[To do] Exclude pictures and give again exactly the lines of the listing, beginning with its first line and ending with the one that contains "- 【PANORAMIC VIEW".

[Data provided]
___

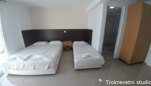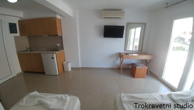 350m od plaže, novija moderno opremljea, smeštena oko 80m od centra. Poseduje kompletno opremljene studije i mezonete na dva nivoa za smeštaj do 4+1 osobe...
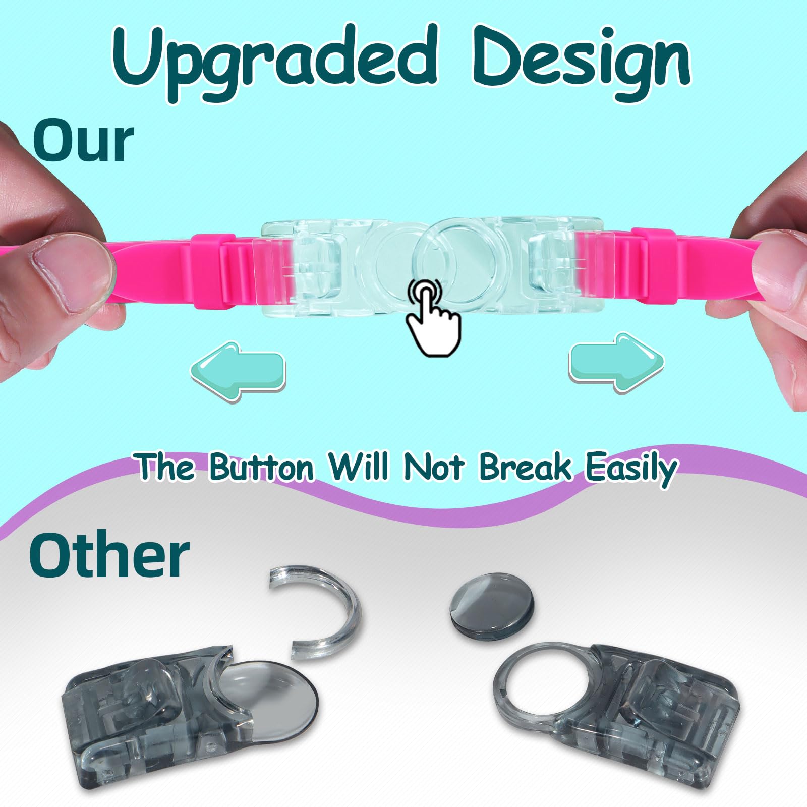 - 【PANORAMIC VIEW & EASY TO WEAR】Our kid's goggles with the mask fit, which is more beautiful and stylish, can broaden your child's horizon underwater. Our button release design is much easier for kids to wear and take off by themselves. In addition, our head straps are easily adjustable.
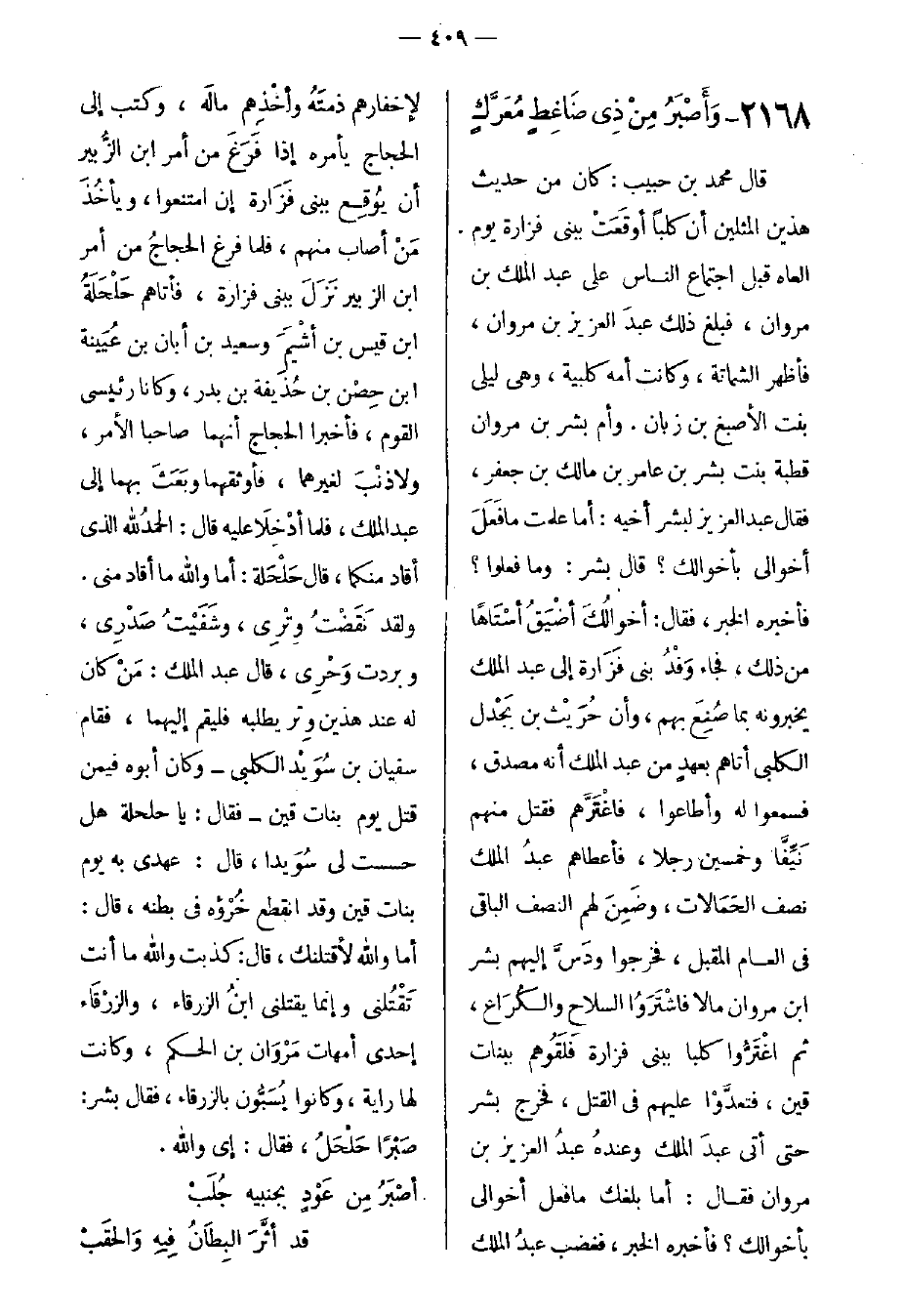 قال محمد بن حبيب: كان من حديث هذين المثلين أن كلباً أوقَعَتْ ببني فزارة يوم. العاه قبل اجتماع الناس على عبد الملك بن مروان، فبلغ ذلك عبدَ العزيز بن مروان، فأظهر الشماتة، وكانت أمه كليبة، وهي ليلى بنت الأصبع بن زبان. وأم بشر بن مروان قطبة بنت بشر بن عامر بن مالك بن جعفر، فقال عبد العزيز لبشر أخيه: أما علمت ما فَعَلَ أخوالي بأخوالك؟ قال بشر: وما فعلوا؟ فأخبره الخبر، فقال: أخوالُكَ أضْيَقُ أسْتَاهاً من ذلك، فجاء وَفْدُ بني فَزَارة إلى عبد الملك يخبرونه بما صُنِعَ بهم، وأن حُرَيْث بن بَجْدل الكلبي أتاهم بعهدٍ من عبد الملك أنه مصدق، فسمعوا له وأطاعوا، فاغْتَرَّهم فقتل منهم نَيِّفَّا وخمسين رجلا، فأعطاهم عبدُ الملك نصف الحَمَالات، وضَمِنَ لهم النصف الباقي في العام المقبل، فخرجوا ودَسَّ إليهم بشر ابن مروان مالا فاشْتَرَوُا السلاح والكُرَاع، ثم اغْتَرُّوا كلبا ببني فزارة فَلَقُوهم ببنات قين، فتعدَّوْا عليهم في القتل، فخرج بشر حتى أتى عبدَ الملك وعندهُ عبدُ العزيز بن مروان فقال: أما بلغك ما فعل أخوالي بأخوالك؟ فأخبره الخبر، فغضب عبدُ الملك لإخفارهم ذمتَهُ وأخْذِهم مالَه، وكتب إلى الحجاج يأمره إذا فَرَغَ من أمر ابن الزُّبير أن يُوقِع ببني فَزَارة إن امتنعوا، ويأخُذَ مَنْ أصاب منهم، فلما فرغ الحجاجُ من أمر ابن الزبير نَزَلَ ببنب فزارة، فأتاهم حَلْحَلَةُ ابن قيس بن أشْيَمَ وسعيد بن أبان بن عُيَينة ابن حِصْن بن حُذَيفة بن بدر، وكانا رئيسي القوم، فأخبرا الحجاج أنهما صاحبا الأمر، ولا ذنْبَ لغيرهما، فأوثقهما وبَعَثَ بهما إلى عبد الملك، فلما أدْخِلاَ عليه قال: الحمدُ لله الذي أقاد منكما، قال حلحلة: أما والله ما أقادمني، ولقد نَقَضْتُ وِتْرَي، وشَفَيْتُ صَدْرِي، وبردت وَحْرِي، قال عبد الملك: مَنْ كان له عند هذين وِتر يطلبه فليقم إليهما، فقام سفيان بن سُوَيْد الكلبي - وكان أبوه فيمنقتل يوم بنات قين - فقال: يا حلحلة هل حست لي سُوَيدا، قال: عهدي به يوم بنات قن وقد انقطع خُرْؤه في بطنه، قال: أما والله لأقتلنك، قال: كذبت والله ما أنت تَقْتُلني وإنما يقتلني ابنُ الزرقاء، والزرْقَاء إحدى أمهات مَرْوَان بن الحكم، وكانت لها راية، وكانوا يُسَبُّون بالزرقاء، فقال بشر: صَبْراً حَلْحَلُ، فقال: إي والله.

___

[Solution for this problem]
 350m od plaže, novija moderno opremljea, smeštena oko 80m od centra. Poseduje kompletno opremljene studije i mezonete na dva nivoa za smeštaj do 4+1 osobe...
 - 【PANORAMIC VIEW & EASY TO WEAR】Our kid's goggles with the mask fit, which is more beautiful and stylish, can broaden your child's horizon underwater. Our button release design is much easier for kids to wear and take off by themselves. In addition, our head straps are easily adjustable.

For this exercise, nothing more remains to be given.